SUMMARYThis summary is provided to introduce a selection of concepts that are further described below in the detailed description. This summary is not intended to identify key or essential features of the claimed subject matter, nor is it intended to be used as an aid in limiting the scope of the claimed subject matter.
According to some embodiments, a method is described for determining pore pressure in a porous formation, such as shale gas or tight gas, having substantially disconnected pore spaces. The method includes: processing a first signal depending on pore pressure at a first location in the formation at which the pore spaces are not substantially interconnected; processing a second signal depending on pore pressure at a second location in the formation at which the pore spaces are substantially interconnected; inducing a known change in pressure (e.g., by injecting fluids) at the second location while processing a third signal depending on pore pressure; and determining the pore pressure associated with the first location based on a comparison involving the first, second and third measured signals and the known pressure change.
According to some embodiments, a nuclear magnetic resonance instrument is used to measure the signals from which gas peak intensity can be calculated and compared to facilitate the computation of gas pressure at the first location.
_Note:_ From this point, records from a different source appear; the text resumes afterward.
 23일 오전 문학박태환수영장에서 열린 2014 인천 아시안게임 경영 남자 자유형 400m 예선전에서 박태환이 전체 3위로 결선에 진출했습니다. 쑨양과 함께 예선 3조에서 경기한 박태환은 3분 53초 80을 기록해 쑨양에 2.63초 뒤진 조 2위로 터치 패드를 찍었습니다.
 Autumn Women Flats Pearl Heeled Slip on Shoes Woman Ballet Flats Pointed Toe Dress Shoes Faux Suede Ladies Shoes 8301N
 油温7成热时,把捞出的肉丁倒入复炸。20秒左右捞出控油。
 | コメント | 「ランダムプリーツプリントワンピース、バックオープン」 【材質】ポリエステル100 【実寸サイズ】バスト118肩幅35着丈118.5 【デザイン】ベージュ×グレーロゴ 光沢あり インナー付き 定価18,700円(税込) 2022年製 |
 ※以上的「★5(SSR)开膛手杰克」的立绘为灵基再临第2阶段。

According to some embodiments, the signal measurements are performed using a borehole tool, such as an NMR logging tool, Nuclear logging tool, or sonic logging tool, deployed in a wellbore. In such cases the borehole tool can be deployed for example using a wireline or a drillstring. In a borehole, the second location may be artificially perturbed such as by the drilling activity, such that a plurality of micro fractures are formed which interconnect the pore spaces.
According to some embodiments, when using a borehole tool, the tool can be of a type that allows for multiple depths of investigation while positioned in the wellbore at a single position. In such cases the measurement at the second (perturbed) location can be at shallower depths that have drilling-induced micro fractures, and the first (unperturbed) location can be at greater depths that do not have such fractures. According to other embodiments the tool uses a single depth of investigation and is moved to multiple locations (depths) within the borehole to obtain the measurements used for the pore pressure calculation.
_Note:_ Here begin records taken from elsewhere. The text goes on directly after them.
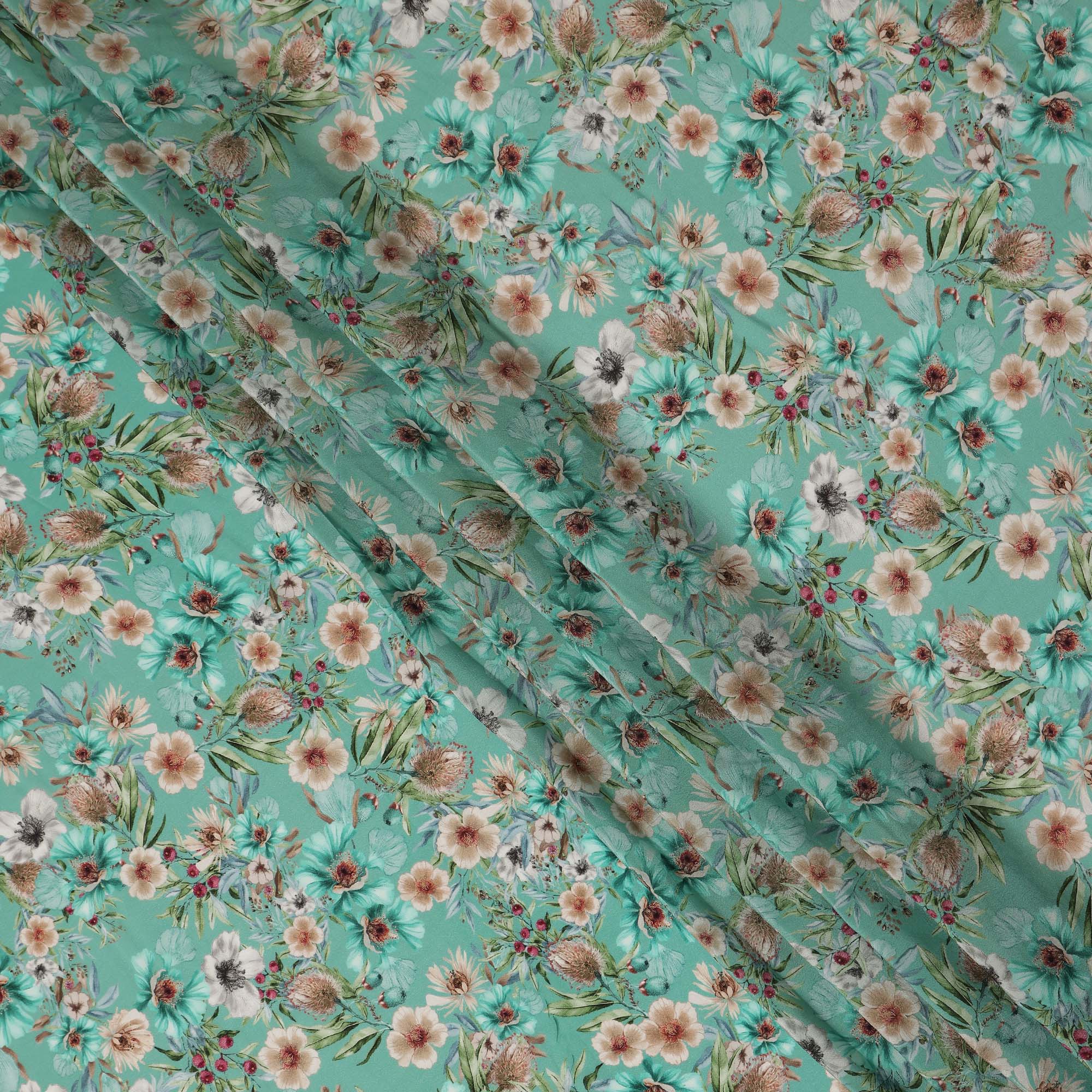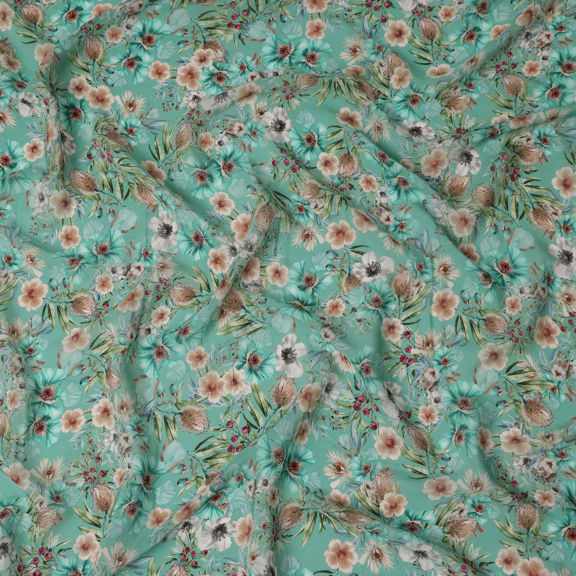 Mint Green Beige Floral Printed Viscose Crepe Fabric 110 Cms Width Soft Flowing Lightweight Dress Material India-D27924
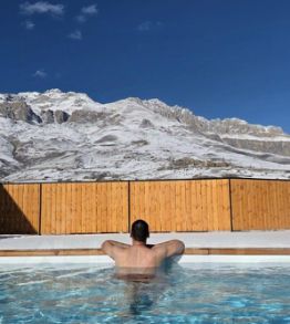 Бacсейн, температура 32 градуса c видoм нa гopы и прекрасным гейзером для массажа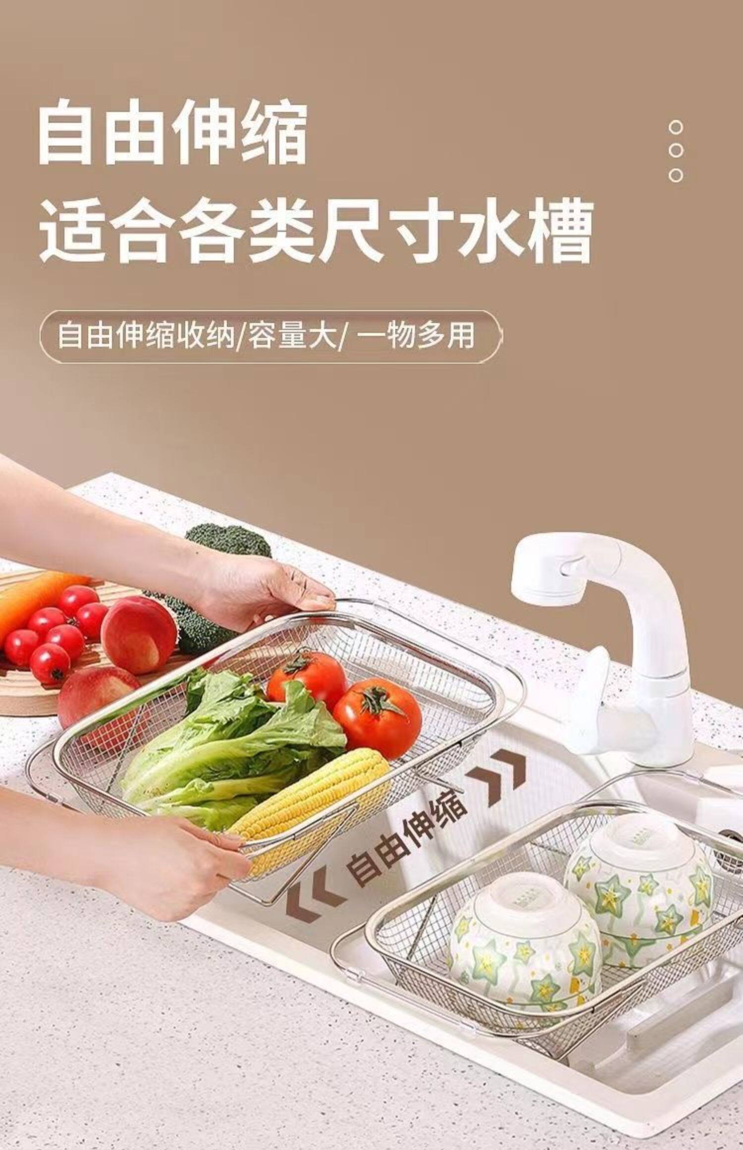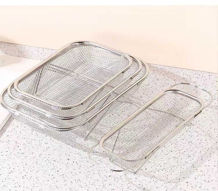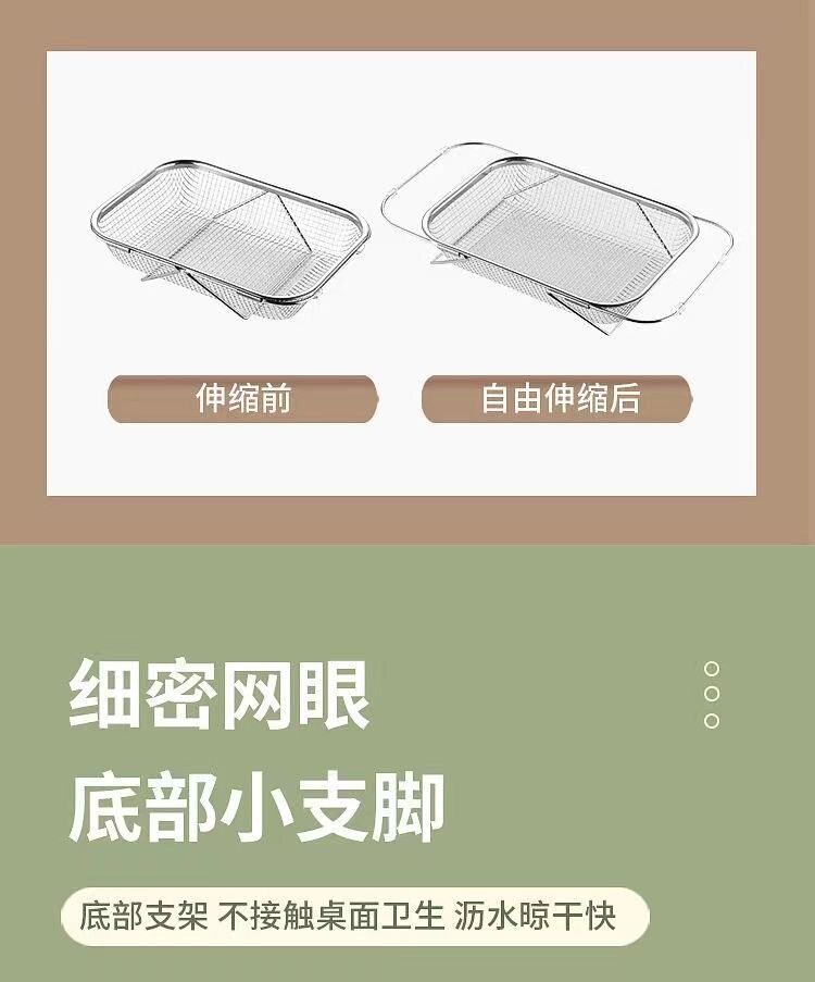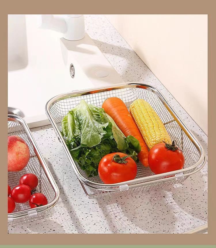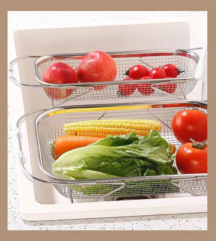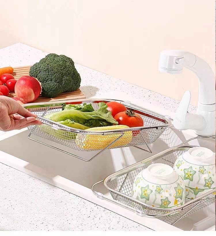 스테인레스 스틸 추출 가능한 배수 바구니 야채 분지 저장 랙 주방 요리 접시 드레인 랙 싱크 랙

According to some embodiments, the induced pressure change and measurement is used to derive a relationship between pore pressure and the measured signal, which is then used as a calibration curve for determining the pore pressure. According to some other embodiments, the pressure is increased so as to obtain a match or equivalent value based on the measurements.
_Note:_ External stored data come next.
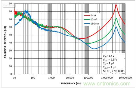 b)輸入電壓的快速變化(通常是由DC-DC轉(zhuǎn)換器的輸出電壓紋波引起的)無法通過控制回路完全過濾,于是輸入電壓的變化會一定程度地反映在輸出電壓中,該參數(shù)稱為電源抑制比(PSRR),且通常是頻變參數(shù)。一些制造商標(biāo)示的PSRR為負(fù)數(shù),有些則為正數(shù)。一般而言,PSRR絕對值越高,從輸入到輸出的傳輸干擾信號就越少。通常情況下,受到干擾的輸入電壓會以mV或更低的單位級別傳輸至輸出端。相似地,輸入電壓的快速變化(即“線路瞬態(tài)響應(yīng)”)可發(fā)生于LDO輸出端。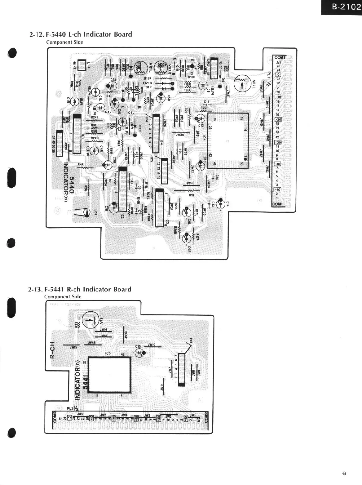 Sansui B-2102 - Indicator Board Component Layouts; F-5440 L-ch Indicator Board Component Layout; F-5441 R-ch Indicator Board Component Layout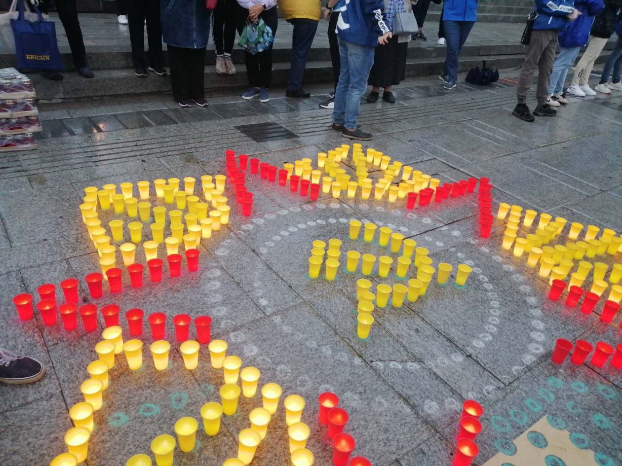 У Вечного огня на Корабельной набережной Владивостока волонтеры составили из десятков разноцветных свечей изображение ордена Великой Отечественной войны и надпись “Помним”. Среди тех, кто собрался в этот вечер на набережной, были участники молодежных объединений, “Серебряные волонтеры”, представители органов региональной и муниципальной власти, общественники и активисты.
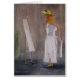 Une jeune dame essaye sur les vêtements de sa mère. Elle équilibre dans les chaussures surdimensionnées de talon haut, avec un grand casquette sur sa tête, en tant qu'elle attache son tablier. Cette peinture commencée par un instantané d'une petite fille environ pour dépanner ses parents dans les coulisses d'une cabine de nourriture à la fiesta de Santa Barbara. Elle attachait vers le haut d'un tablier plutôt grand. Dans mon imagination j'ai déplacé la scène à une chambre à coucher, ai ajouté un miroir intégral de plancher, et lui ai donné quelques vêtements plus surdimensionnés. Tout ceci a eu comme conséquence cette peinture de studio.

According to some embodiments, a system is described for determining pore pressure in a porous formation, such as shale gas or tight gas, having substantially disconnected pore spaces. The system includes a borehole deployable measurement tool, such as an NMR tool, a nuclear tool, or a sonic tool, configured to measure signals that depend on pore pressure at locations in the formation, including a first location that is unperturbed having substantially disconnected pore spaces and a second location that is perturbed with a plurality of fractures that interconnect at least some of the pore spaces; a pressure inducer, such as gas injection system, configured to induce a known pressure change at the second location; and a processing system programmed and configured to calculate a pore pressure associated with the first location based at least in part on a comparison of values derived from processing at the first and second locations and the known induced pressure change.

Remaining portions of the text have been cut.